DIRECTIONS: Your reply is to be the lines below, exactly as written, with images omitted.

SOURCE DATA:
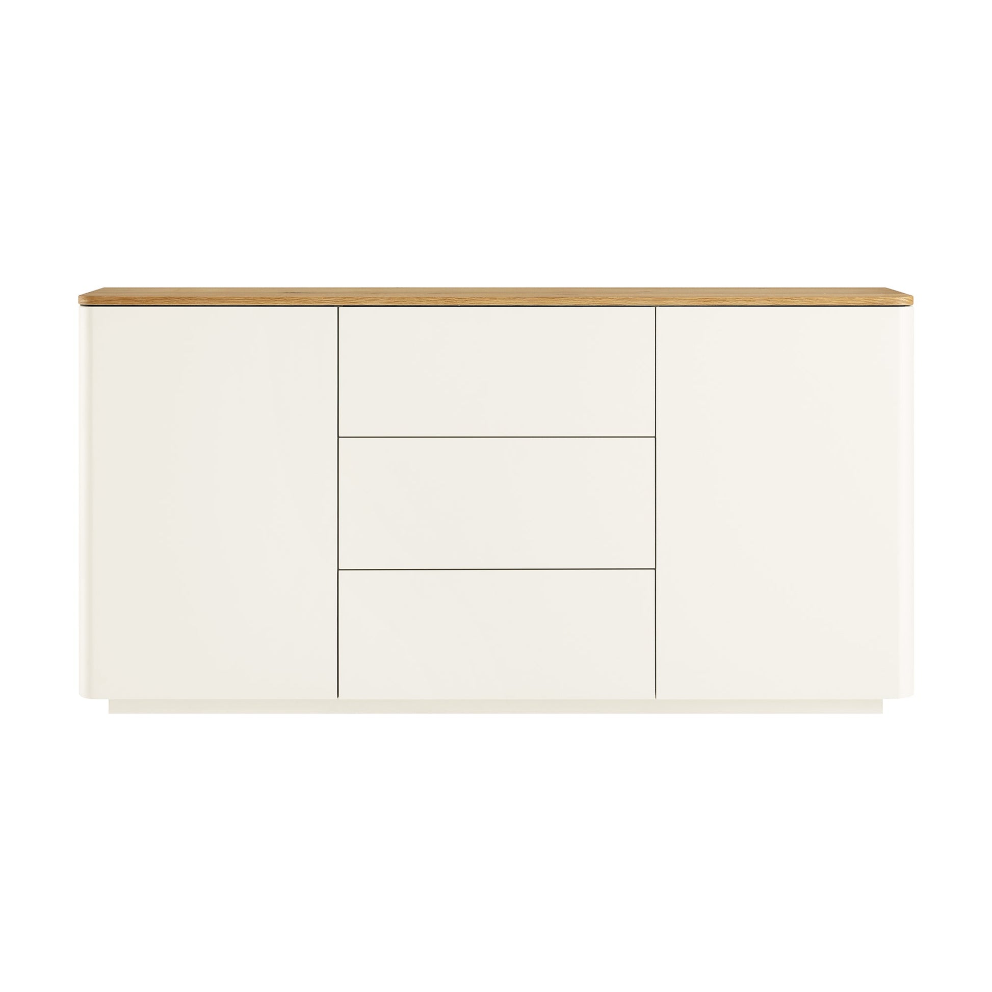 Le buffet comprend 2 portes d'armoire à ouverture par pression et 3 tiroirs, offrant un grand espace de rangement à l'intérieur.
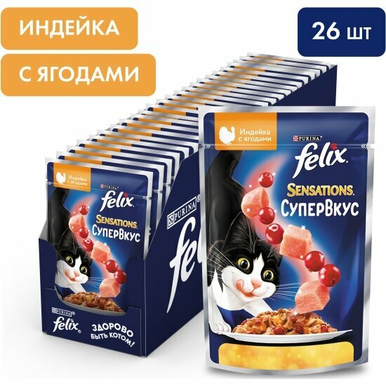 Купить Влажный корм для взрослых кошек Felix Sensations Супервкус с индейкой и ягодами в желе 26шт*75 г
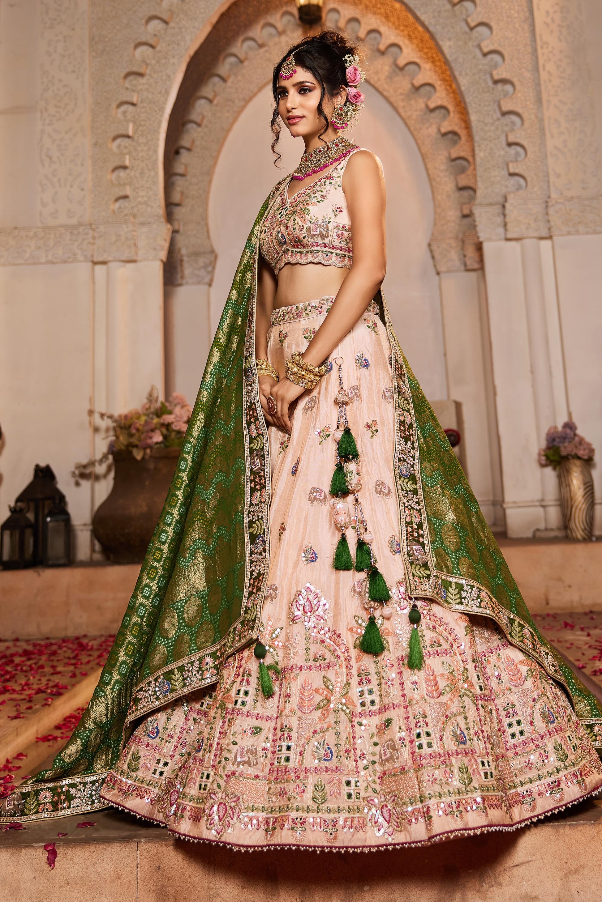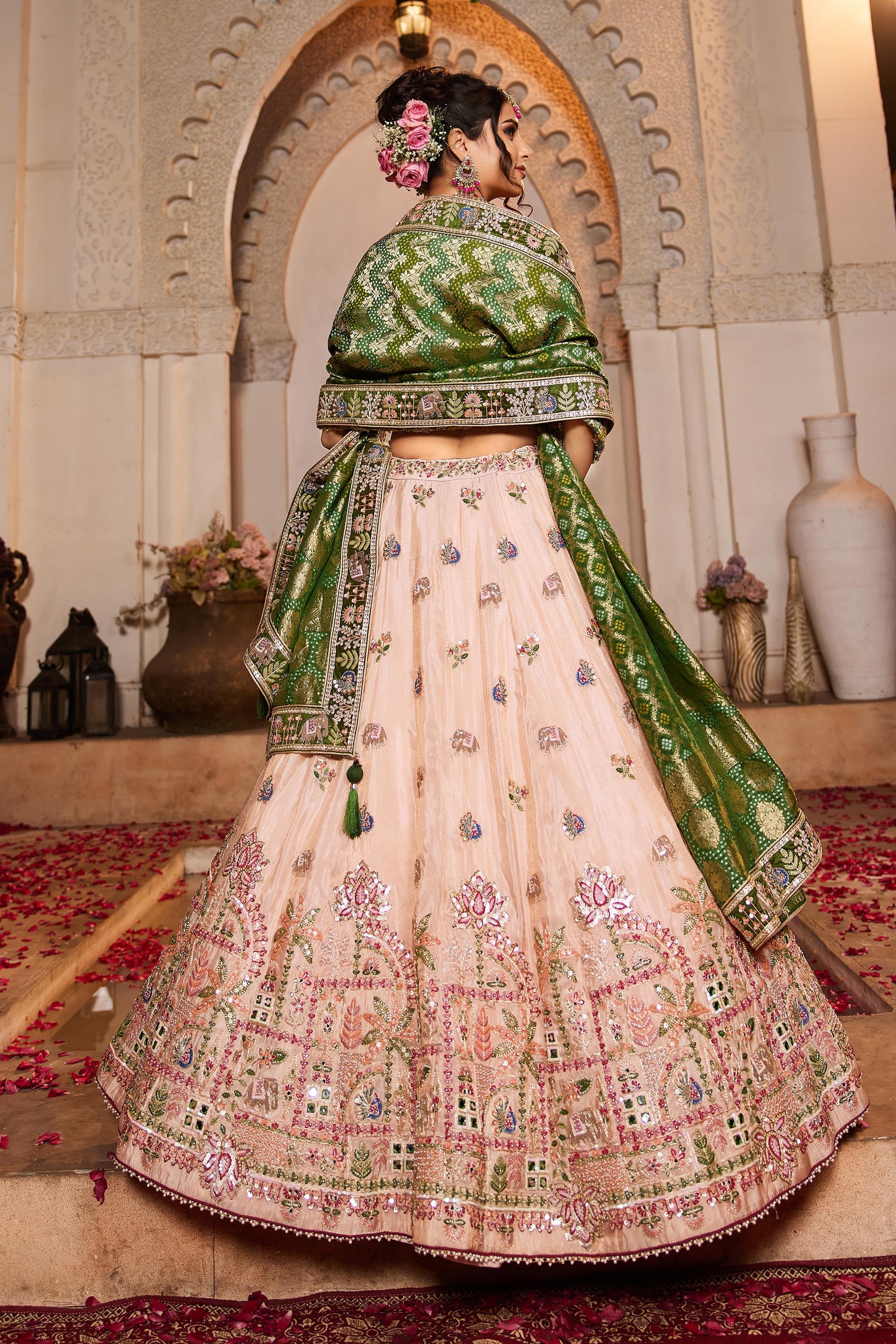 Peach tissue Mirror embroidery Lehenga choli & Dupatta

ANSWER BELOW:
 Le buffet comprend 2 portes d'armoire à ouverture par pression et 3 tiroirs, offrant un grand espace de rangement à l'intérieur.
 Купить Влажный корм для взрослых кошек Felix Sensations Супервкус с индейкой и ягодами в желе 26шт*75 г
 Peach tissue Mirror embroidery Lehenga choli & Dupatta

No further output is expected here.